1. China's economy continues to show improvement that has any thoughts of a hard-landing receding into the background. Last night it was reported that China's HSBC services sector PMI rose to 54.0 in January from 51.7 in December. Readings above 50 show expansion. The composite HSBC PMI, covering both manufacturing and the service sector rose to 53.5 in January from 51.8 in December.
2. In Europe, the euro-zone's service sector PMI ticked up to 48.6 in January from 48.3 in December, but remains below the 50 level that indicates recessionary contraction.
[Related -World Growth: Mediocre or Pathetic?]
3. But outside of the euro-zone in Europe, the United Kingdom's service sector PMI jumped to 51.5 in January from December's 48.9 level.
4. CoreLogic reports that U.S. home prices were up 0.4% in December, extending the year-on-year gain to 8.3%. (CoreLogic's home price data is not to be confused with other home price tracking services such as the Case-Shiller Home Price Index.
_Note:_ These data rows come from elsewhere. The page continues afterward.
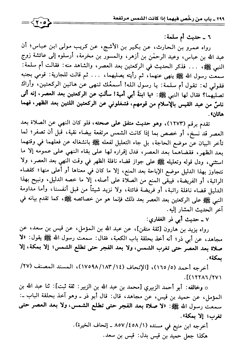 تقدم برقم (١٢٧٣)، وهو حديث متفق على صحته، فلو كان النهي عن الصلاة بعد العصر قد نسخ، أو خصص بما إذا كانت الشمس مرتفعة بيضاء نقية، قبل أن تصفر؛ لما تأخر البيان عن موضع الحاجة، بل جاء التعليل لفعله - صلى الله عليه وسلم - بانشغاله عن فعلهما في وقتهما بعد الظهر، فقضاهما بعد العصر، فدل إقراره لها على بقاء النهي على عمومه إلا ما استثني، ودل قوله وتعليله - صلى الله عليه وسلم - على جواز قضاء نافلة الظهر في وقت النهي بعد العصر، ولا نتجاوز بهذا الدليل موضع الإباحة بعد المنع، إلا ما كان في معناها أو أعلى منها؛ كقضاء الراتبة، أو الفريضة، فيبقى المنع من الصلاة على أصله، إلا ما خصه الدليل، ونبيح بهذا الدليل قضاء نافلة راتبة، أو فريضة فائتة، ولا نزيد شيئًا من قبل أنفسنا، وأما مداومة النبي - صلى الله عليه وسلم - على الركعتين بعد العصر بعد ذلك فإنما هو من خصائصه - صلى الله عليه وسلم -، كما تقدم بيانه في آخر الحديث المشار إليه.
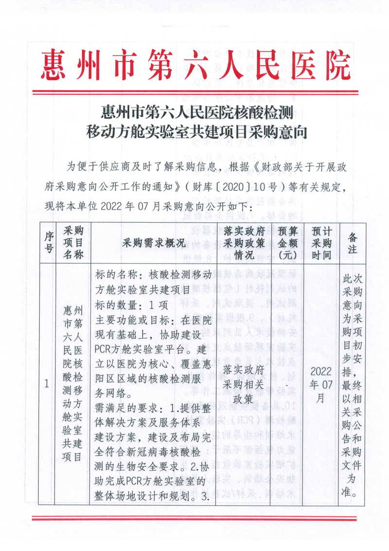 惠州市第六人民醫院核酸檢測移動方艙實驗室共建項目采購意向(xiàng)
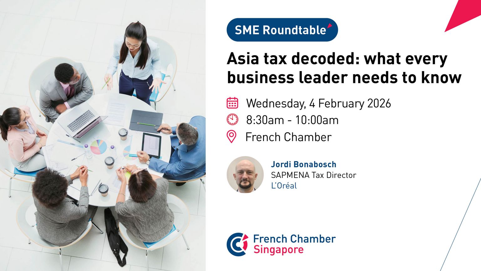 This session, led by Jordi Bonabosch, SAPMENA Tax Director at L'Oréal, is designed to provide you with critical insights into the potential tax complexities and common "pain points" you might encounter when expanding into or operating within this vibrant region. In a concise presentation, we will highlight key tax risks and help you understand the real costs of doing business abroad, enabling you to make smarter, more informed decisions for your company's international journey.

They sometimes vary some).
As a side note it's interesting that at least in Florida, new home construction prices are rising faster than existing home prices. The factors include sharply rising lumber prices, and a serious shortage of low-cost labor as many experienced immigrant workers, both documented and illegal, returned to their native countries when the U.S. housing construction market collapsed.
[Related -Bullish Sentiment Solidifies Even In The Face Of Lofty Valuations]
5. Is the correction in U.S. Treasury bonds now spreading to previously red-hot high-yield bonds? Michael Kahn has this interesting chart in an article this morning, with this comment.
"The SPDR Barclay's High Yield Bond etf, symbol JNK, hit its highest level on Jan 25 since just before it collapsed in September 2008."
6. The market followed its historic pattern of the monthly jobs report creating a triple-digit move by the Dow in one direction or the other, with its 149 point rally on Friday. And with its 129 point decline yesterday, it followed the second half of that pattern, which is that the triple-digit move is usually reversed in the subsequent few days and the market returns to whatever was its focus prior to the jobs report.
Meanwhile, with the moving averages themselves rising so fast, the pause of the last several days has partially alleviated the overbought condition above 21-day and 50-day moving averages. But not enough to eliminate the condition for sure.